As we turn the calendar over, there are probably two dominant questions on
the minds of most precious-metals investors: Will gold and silver have a
better year than the last two? And will gold stocks finally break out of
their funk?
2012 was an interesting year for our favorite metal. On one hand, gold was up
only single-digit percentages for the second consecutive year: 8.3%, after
rising just 9.1% in 2011. It was also outperformed by the S&P 500 Index,
though this was the first time since 2004 and only the third since 1999. On
the other hand, the price has now risen 12 consecutive years, overshadowing
most other bull markets in modern history.
Gold stocks as a group were down for the second consecutive year. GDX
(Gold Miners ETF) fell 9.8%, after dropping 16.3% in 2011. GDXJ (Junior Gold
Miners ETF) lost 19.9% last year, after sinking 38% in 2011.
Here's a snapshot of our industry for 2012, along with how it compares to
other asset classes.
Perhaps a more constructive way to view things is from a longer-term
perspective. How have these same sectors performed since the 2008 financial
crisis?
Over the past four years, gold and silver have provided the best returns
among major asset classes. Gold producers, meanwhile, have collectively
underperformed the metal, while the juniors as a whole have lost money.
Some claim that gold is in a bubble, because it has advanced so much.
"It's already gone up a lot," they say. The reality is, however,
that this bull market is small compared to most others in modern history.

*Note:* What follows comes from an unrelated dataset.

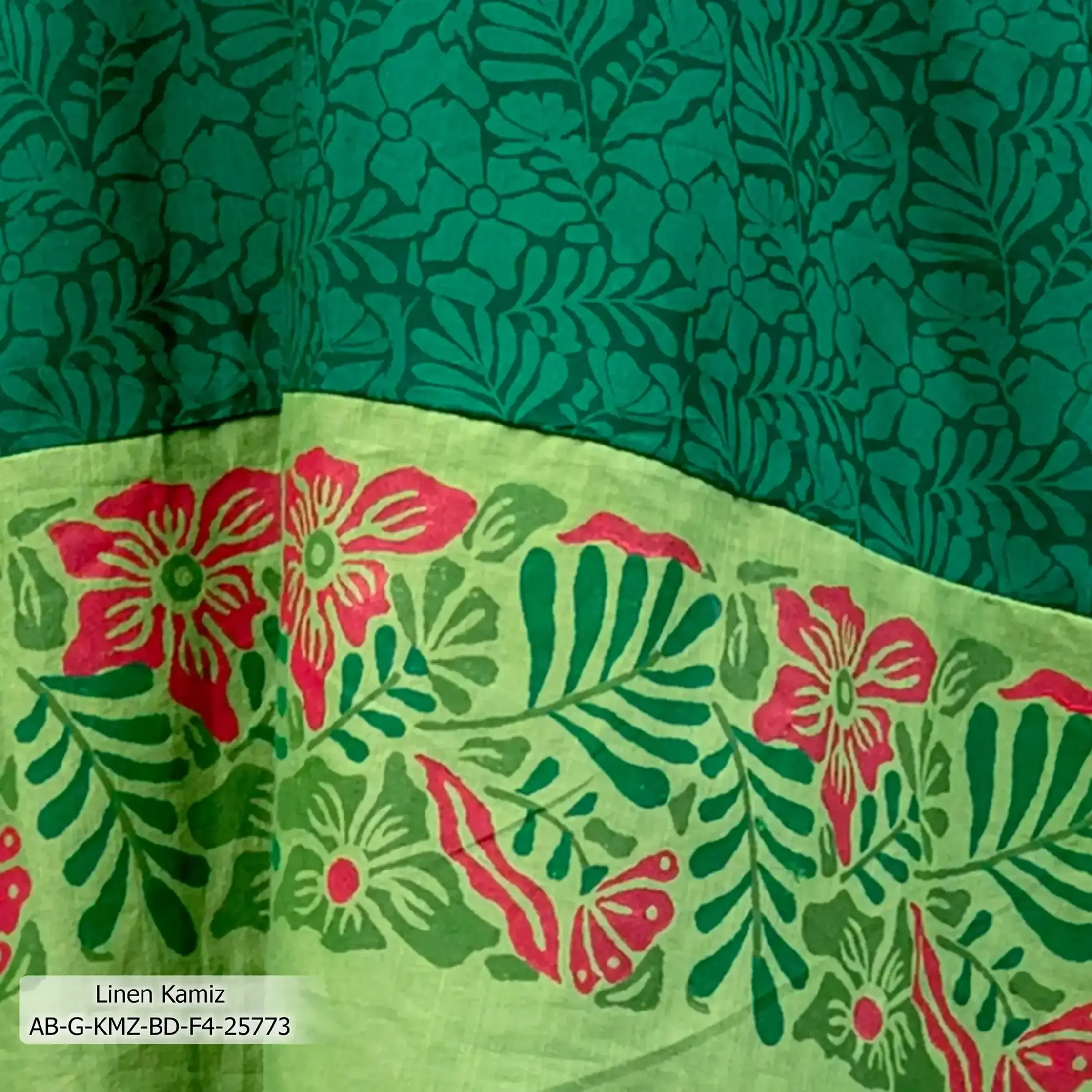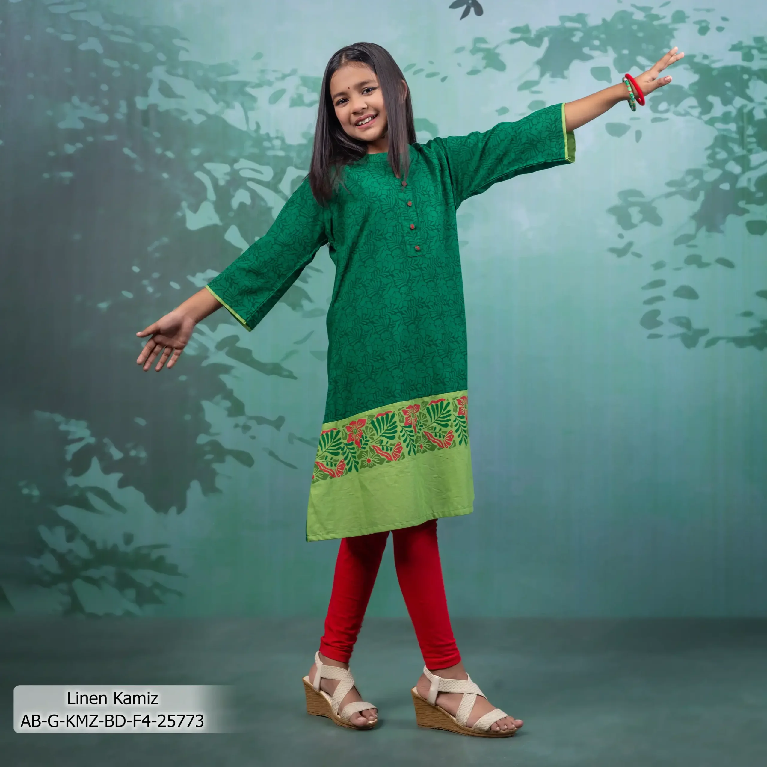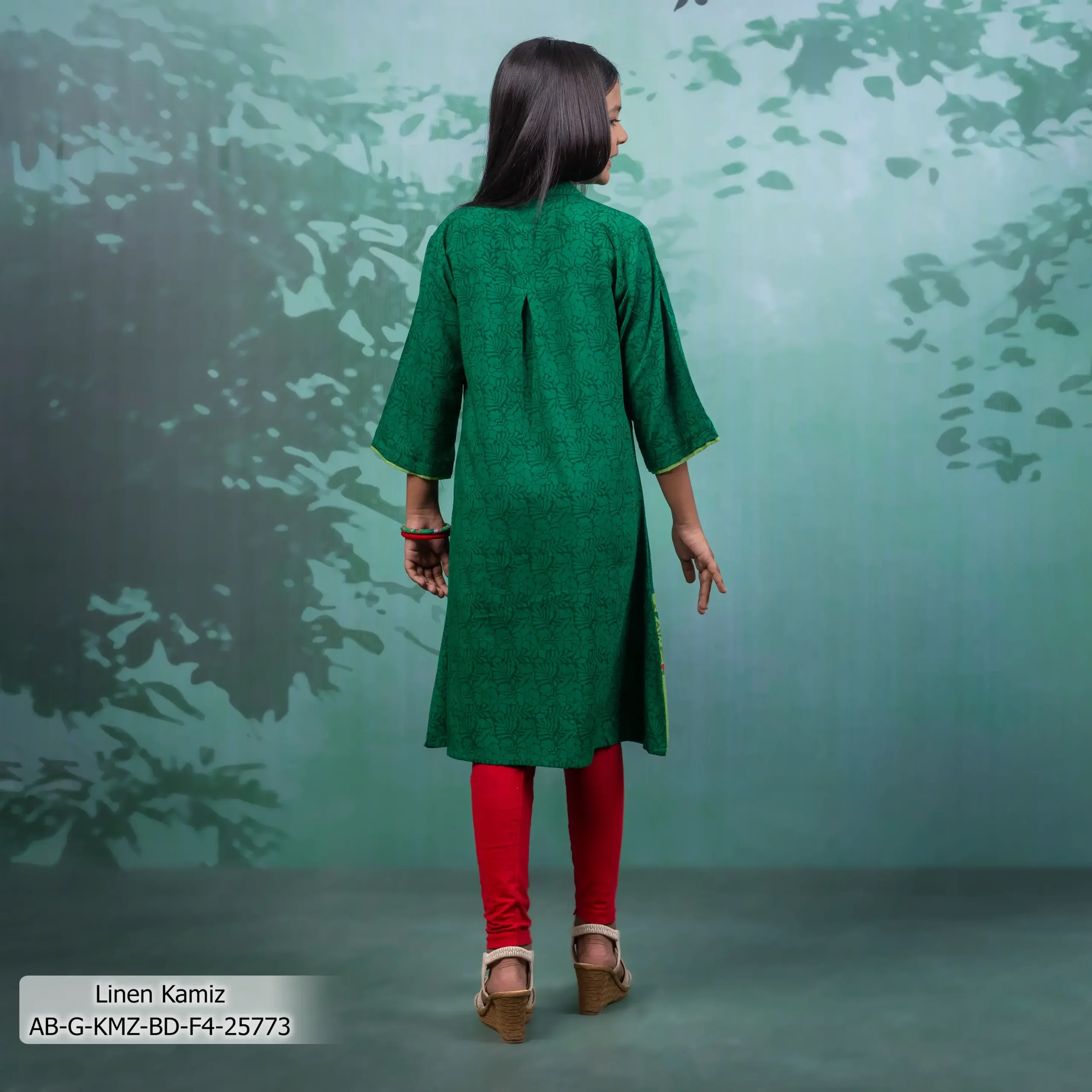 - Product Details: This Linen girl’s single kamiz features screen-print.

Over the past 40+ years, our bull market would be among the smallest of
the major bull markets listed, in terms of percent gains. It's about a
quarter of what the 1970s bull market returned. A good number of them also
lasted longer than ours. Based strictly on percentages, I'd bet that ours
isn't over.
Further, history shows that bull markets tend to end in a climactic
blow-off top. For example, gold rose 120% in 1979. Our best year was 32% in
2007. Hardly meteoric, and contrary to how the typical bull market
culminates.
And this is all without getting into all the fundamental reasons to
continue buying gold.
So what does the gold price do in 2013?
I think that's the wrong question. Since gold is the best and
longest-lasting way to store wealth ever adopted in history, and not
technically an investment, the more accurate query is: will gold continue to
protect my purchasing power?
Worded that way, we begin to see gold its proper light: real
money. If we're holding gold as money, the question then becomes: how much is
our purchasing power in dollars or other alternatives to gold likely to
decrease this year? And in future years?
If there's one thing we're certain of, it's that the current path of debt
accumulation, deficit spending, and money printing will continue to devalue
dollars and other unbacked currencies – and probably at an accelerating speed
in the not-too-distant future. That makes gold a must-own asset despite its
500+% advance since 2001.
I've read some analysts claim that these things are already factored into
the gold price. That's debatable, but even if they're right, what's not
priced in are the delayed and indirect consequences from all those
actions...
- What fallout have we experienced from our growing pile
of national debt? The world economy is still functioning and some say
improving.
- What spillover has occurred from our government spending
more than it takes in? My retired parents still get their Social
Security checks every month.
- Is there any negative backlash from printing all this
money? Most would point to rising stock-market and real-estate prices,
both positive things.
The problem is that overindebtedness, overspending, and printing currency
is not all candy, lollipops, and romantic horseback rides on the beach. It's
not free of consequences. We have yet to experience the full ramifications of
how these actions are undermining our currency. And that won't be a fun or
pain-free process.
For this month's issue of BIG GOLD, we interviewed 19 noted economists,
gold analysts, best-selling authors, fund managers, and senior Casey Research
staff – and not one of them believes the fallout from the reckless monetary
policies of governments around the world has peaked. Most believe the worst
is yet to come, with varying degrees of aftereffects. And they all recommend
continuing to buy gold. If you're not reading BIG GOLD,
this is the perfect issue to start with… following the investment
recommendations from this highly successful group, your portfolio will be
positioned for maximum effect for 2013 and beyond.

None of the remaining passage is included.